Example from medicine: If medical input data such as If, for example, X-ray images from a pattern analysis system generate a symbolic output of the form “Patient X urgently needs surgery Y”, the doctor (and patient) asks himself why this operation is necessary and how the pattern analysis system came up with this answer. So intermediate steps are required here. These intermediate steps and the necessary explanations as to why which intermediate step took place are provided by the explanation component.

Learn

Most knowledge bases are created in laborious and expensive manual work by human experts and are therefore prone to errors. Different experts generate different knowledge bases. Machine learning is therefore entirely appropriate, but often not possible in reality.

Control component

The control component supplies the control strategy with which the represented knowledge is processed in the knowledge base. The special methods from the method component are used for processing. The strategy is often in the form of a search in graphs, trees or other types of search space, for example with the A * algorithm.

Examples of pattern analysis systems

A complete image analysis system

Here is an exemplary, complete structure of an image processing and analysis system.

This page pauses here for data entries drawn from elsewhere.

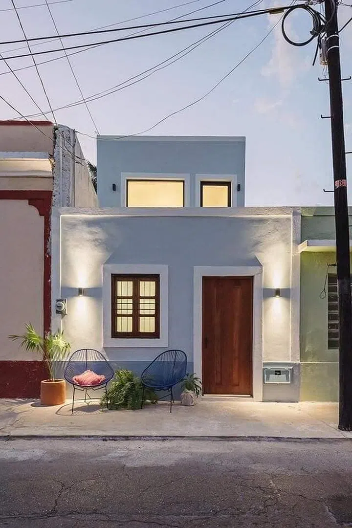 The double-storey facade at the front of the house actually opens up to a living space, which leads onto a deck with a lap pool!
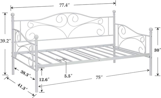 NEW - VECELO TWIN Premium Daybed Metal Bed Frame Twin Size Steel Slat Support/Strong Legs Headboard/Mattress Foundation, Multi-Functional Furniture (Classic Bed) - Retail $118
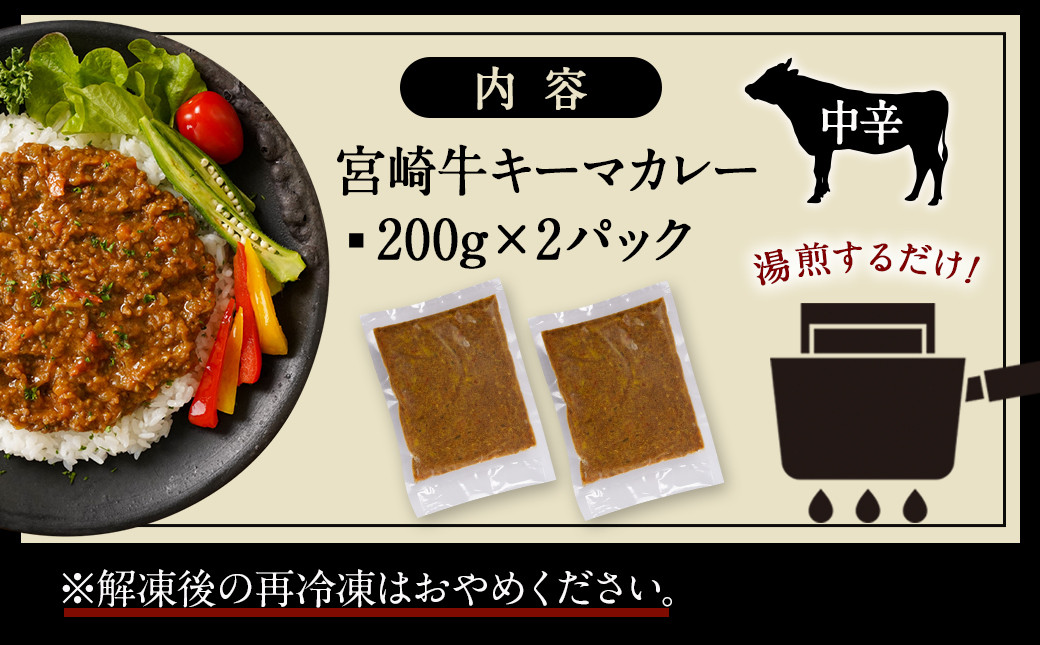 チョイスPayポイントと交換できる品 肉の旨味と数種類のスパイスをブレンドして素材の旨味を引き出した絶品キーマカレー♪ 絶品!焼き肉屋の宮崎牛キーマカレー(中辛)_AA-7707_(都城市) 宮崎牛 キーマカレー 中辛 200g×2パック スパイス 湯せん

This is roughly divided into three parts: image processing, image classification and image analysis.

  1. Image processing
    1. Source: camera (digital camera, camcorder), scanner etc.
    2. digitized image : scanned , quantized image (e.g. 1024 × 768 gray value image, quantization: 8 bit, i.e. gray value 0 = black and 255 = white)
    3. Preprocessing: normalization of the image, application of filters for noise reduction or similar (image restoration ).
    4. Segmentation to subdivide the image into homogeneous areas (same color, same texture, etc.).
    5. Feature extraction : Combining important features of an image into feature vectors .
  2. Pattern classification
  3. Image analysis: Based on the pattern classification, an image recognition (only what can be seen is relevant, the relationships between the objects in the image are irrelevant) or an image interpretation (not just "car" and "human" in the image, but the interpretation, that the car runs over people) take place.

The Optoluchs image processing system from 1988 was one of the first systems in the field of machine vision .

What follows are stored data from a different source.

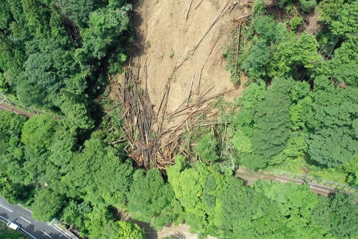 (令和2年7月豪雨によって京都市内で発生した大規模な土砂崩れ)
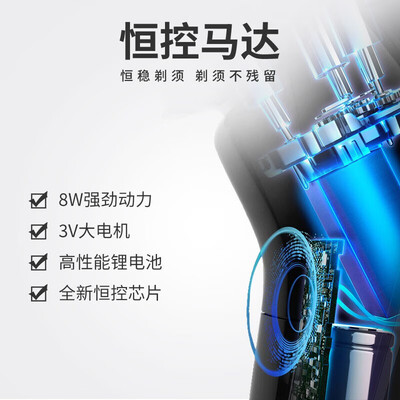 内置8W大功率马达,能够带来如疾风般的高效剃须体验,节约晨起时间;采用七级防水系统,沐浴也可轻松剃须。
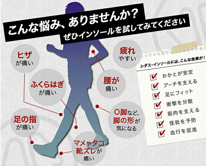 ★シダスのインソール! ●マックスプロテクトウォークの機能に加え、前足部にエリアを拡大した衝撃吸収&反発素材を搭載。 ●ジャンプでは体重の約8倍の負荷がかかるといわれている足裏への衝撃をPODIANi+(ポディアンアイプラス)に加えカカト・前足部パーツでも吸収します! ●バスケットボール・バレーボールなどのジャンプ競技におすすめです。 ●つま先の厚み:5.0mm。 ※画像のカラーは、撮影時の照明等の具合により実物と異なる可能性がございます。 なお、商品の色の見え方と実物の色は、お客様のご使用されているパソコン・モニターの環境等により多少異なる場合がございますのでご了承ください。 ■サイズ XS(22.0cm〜23.0cm)、S(23.5cm〜24.5cm)、M(25.0cm〜26.5cm)、L(27.0cm〜28.0cm)、XL(28.5cm〜29.5cm) ・メーカー希望小売価格はメーカーサイトに基づいて掲載しています。 【ご注意】 コチラの商品はお取り寄せとなります。 ●商品を安くご提供する為、ご注文後にメーカーからお取り寄せしております。ご注文から発送までに5〜6営業日頂いておりますので、配達日時のご希望に添いかねる場合がございます。 ●お取り寄せの特性上、メーカー在庫欠品という場合がございます。その場合、ご注文をキャンセルとさせていただきます。予め、ご了承くださいませ。 ●お取り寄せ商品は、初期不良(汚れ・ほつれ等)を除く、お客様ご都合での返品・交換・キャンセルはお受けできません。 予めご了承の上ご注文をお願いいたします。 ※上記の注意事項をご理解の上、ご注文をお願いいたします。
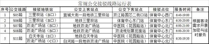 在接驳公交专线的基础上,对途经双流体育中心周边的常规公交线路(S05、S06、S07、S08、S11)进行加密和延时服务,球迷观众可在地铁3号线三里坝站B口(S05、S06)、地铁3号线双流广场站B口(S07、S08)、地铁10号线应天寺站B口(S11)等站点乘车前往双流体育中心。
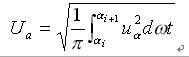 设相控角为a时A相输出电压的瞬时值为ua,根据上述分析,ua的波形为已知,因此可按下式求出输出电压的有效值Ua,它是相控角a的函数,即
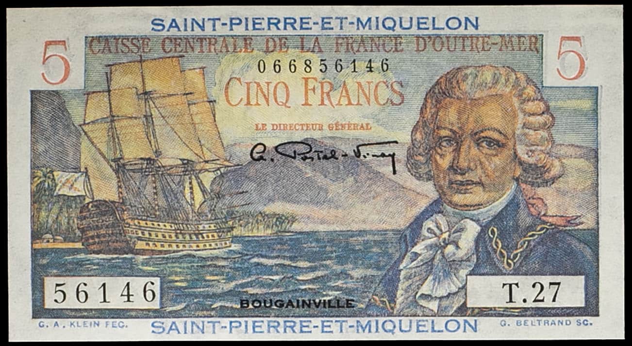 - SAINT PIERRE AND MIQUELON 5 francs type “Bougainville” ND (1946).
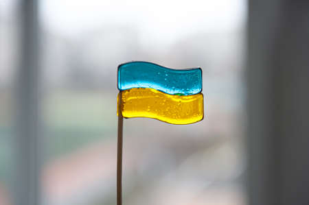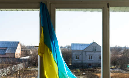 Flag of Ukraine on the window sealed with tape. No war. War in Ukraine
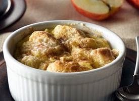 3. In small bowl, beat cream cheese, 1 tablespoon sugar and egg yolk until smooth. Beat in milk and vanilla; stir in apple. Pour mixture over biscuit pieces in custard cups; stir gently to mix well. In small bowl, mix 1 teaspoon sugar and the cinnamon; sprinkle over custard mixture.

Applications of image analysis

A complete speech analysis system

Here is an exemplary, complete structure of a language processing and analysis system. This is roughly divided into two parts: speech recognition and speech processing / speech analysis / speech understanding.

  1. Voice recognition:
    1. Sampling of the analog voice signal mostly with 8 or 16 kHz, 12 - 16 bit quantization per sample.
    2. Pre-processing: noise filter, removal of sections of pure silence or background noise, etc.
    3. Feature calculation : Window formation (via window function ): For example, a 16 ms long window is created every 10 ms (overlapping is desired). B. by cepstral analysis or by linear prediction (LPC, Linear Predictive Coefficients, see Linear Prediction ) features can be calculated and combined to feature vectors. During the feature calculation, aurally accurate distortion of the signal often takes place (see psychoacoustics , MFCC , Mel scale , Bark scale and ear ).
    4. Classification and search : Assignment of feature vector sequences to polyphones or words using Hidden Markov Models (HMM). A word graph or a list of the n-best word strings is created.
    5. Speech recognition: the actual speech recognition, i.e. the textual representation as a reconstruction of what is actually said, takes place as a combination of acoustic model (HMM) and language model (often N-grams )
  2. Speech processing / speech analysis:
    1. Prosody recognition : gives indications of prosodic features of the language, such as intonation , accent or rhythm . This information is useful in further, constructive analyzes to resolve ambiguities.
    2. syntactic analysis : delivers the parsed utterance (e.g. using an LR parser ).
    3. semantic analysis : based on the syntactic structure of the parsing process, e.g. B. in the form of a syntax tree , a meaning analysis takes place
    4. Pragmatics : Sometimes the meaning of a sentence can only really be understood by taking the context into account.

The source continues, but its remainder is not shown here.